▶ _INSTRUCTIONS TO FOLLOW_:
Set down every record below exactly as it appears, but without the pictures.

▶ _THE RECORDS_:
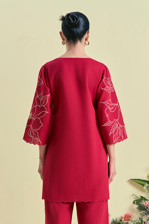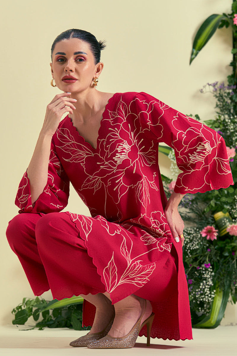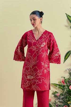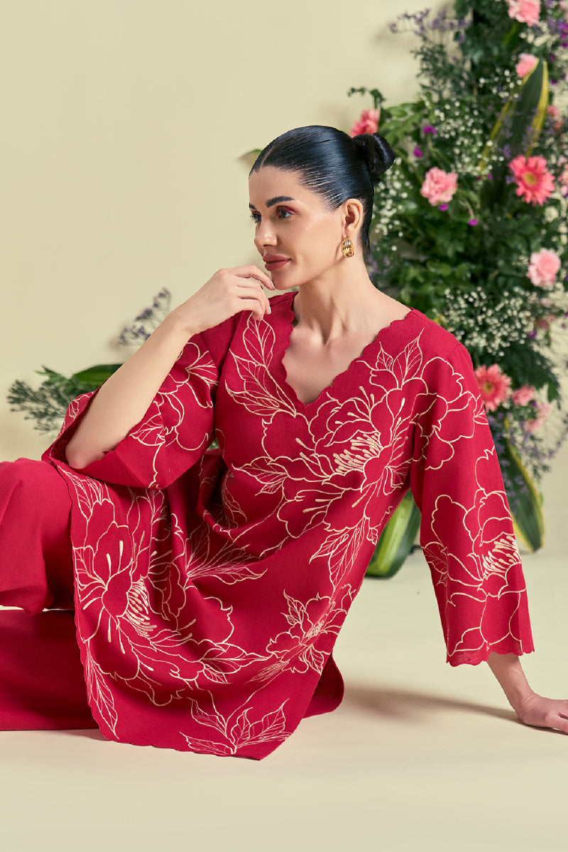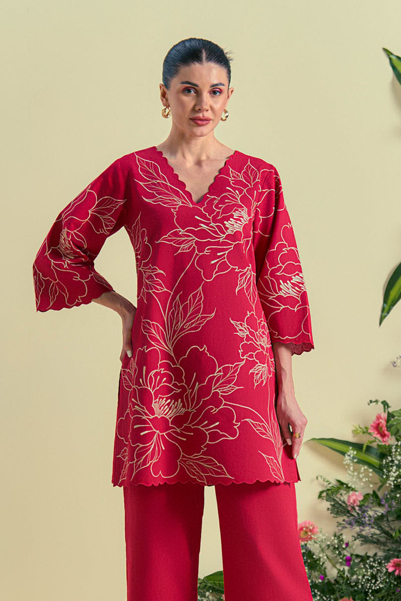 The tunic features mesmerizing overall floral embroidery paired with delicate scalloping along the V-neck, hemline, and sleeves, creating an effortlessly refined look. This tunic is designed to make you feel confident, graceful, and truly special.
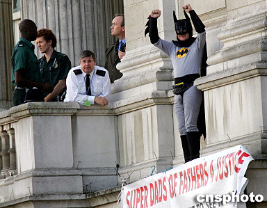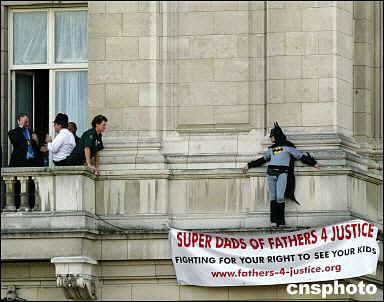 這名抗議者詹森·哈奇,今年32歲,是英國維護父權(quán)組織“為父親討公道(Fathers 4 Justice)”的一名成員,他扮成蝙蝠俠模樣,闖入女王伊麗莎白二世居住的白金漢宮,爬上宮殿正面一個陽臺,又從陽臺走到危險的墻檐上,引來大群圍觀者。大為尷尬的白金漢宮安全官員當(dāng)天晚上即對此事展開調(diào)查。
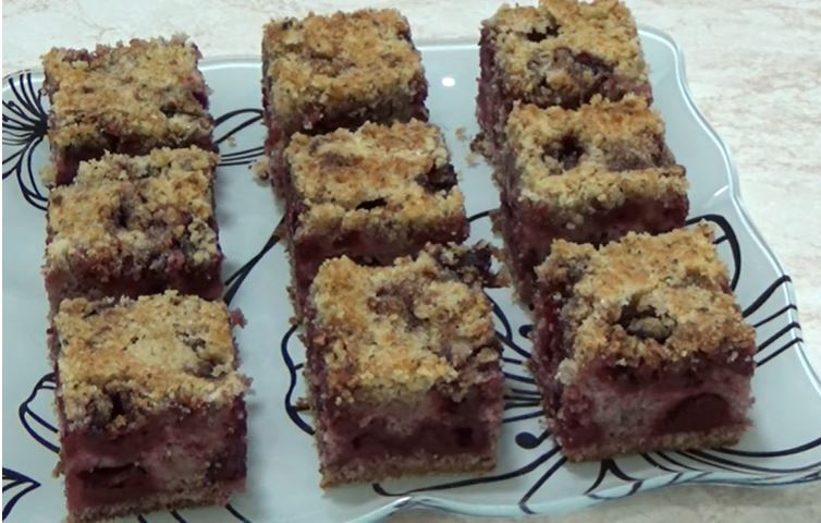 Pleh veličine 25×35 centimetara podmazati margarinom. Suvu smesu podeliti na 3 dela. Jedan deo sipati u pleh i uravnati. Pola fila od višanja rasporediti preko prvog dela smese. Preko višanja posuti drugi deo suve smese i malo rasporediti i uravnati. Zatim naneti drugu polovinu višanja. Preko višanja posuti treći deo smese. Preko trećeg dela smese narendati zaleđeni margarin.
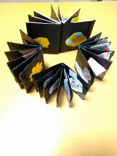 ベース色は、夜の花火やホラーを意識した「黒」で、児童たちのそれぞれの好きな世界で、独自のストーリーを考え本に貼ってもらいました。
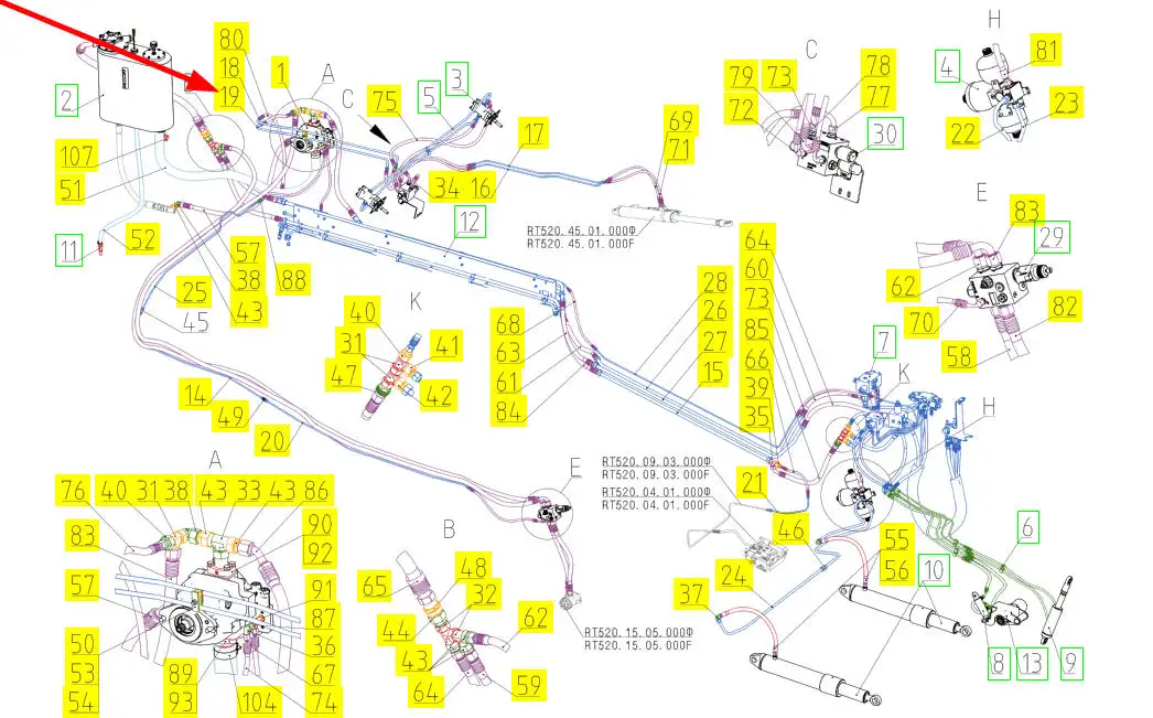 Oryginalny przewód hydrauliczny o numerze katalogowym 101477357, stosowany w kombajnach zbożowych marki Rostselmash.

▶ _WRITTEN SOLUTION_:
 The tunic features mesmerizing overall floral embroidery paired with delicate scalloping along the V-neck, hemline, and sleeves, creating an effortlessly refined look. This tunic is designed to make you feel confident, graceful, and truly special.
 這名抗議者詹森·哈奇,今年32歲,是英國維護父權(quán)組織“為父親討公道(Fathers 4 Justice)”的一名成員,他扮成蝙蝠俠模樣,闖入女王伊麗莎白二世居住的白金漢宮,爬上宮殿正面一個陽臺,又從陽臺走到危險的墻檐上,引來大群圍觀者。大為尷尬的白金漢宮安全官員當(dāng)天晚上即對此事展開調(diào)查。
 Pleh veličine 25×35 centimetara podmazati margarinom. Suvu smesu podeliti na 3 dela. Jedan deo sipati u pleh i uravnati. Pola fila od višanja rasporediti preko prvog dela smese. Preko višanja posuti drugi deo suve smese i malo rasporediti i uravnati. Zatim naneti drugu polovinu višanja. Preko višanja posuti treći deo smese. Preko trećeg dela smese narendati zaleđeni margarin.
 ベース色は、夜の花火やホラーを意識した「黒」で、児童たちのそれぞれの好きな世界で、独自のストーリーを考え本に貼ってもらいました。
 Oryginalny przewód hydrauliczny o numerze katalogowym 101477357, stosowany w kombajnach zbożowych marki Rostselmash.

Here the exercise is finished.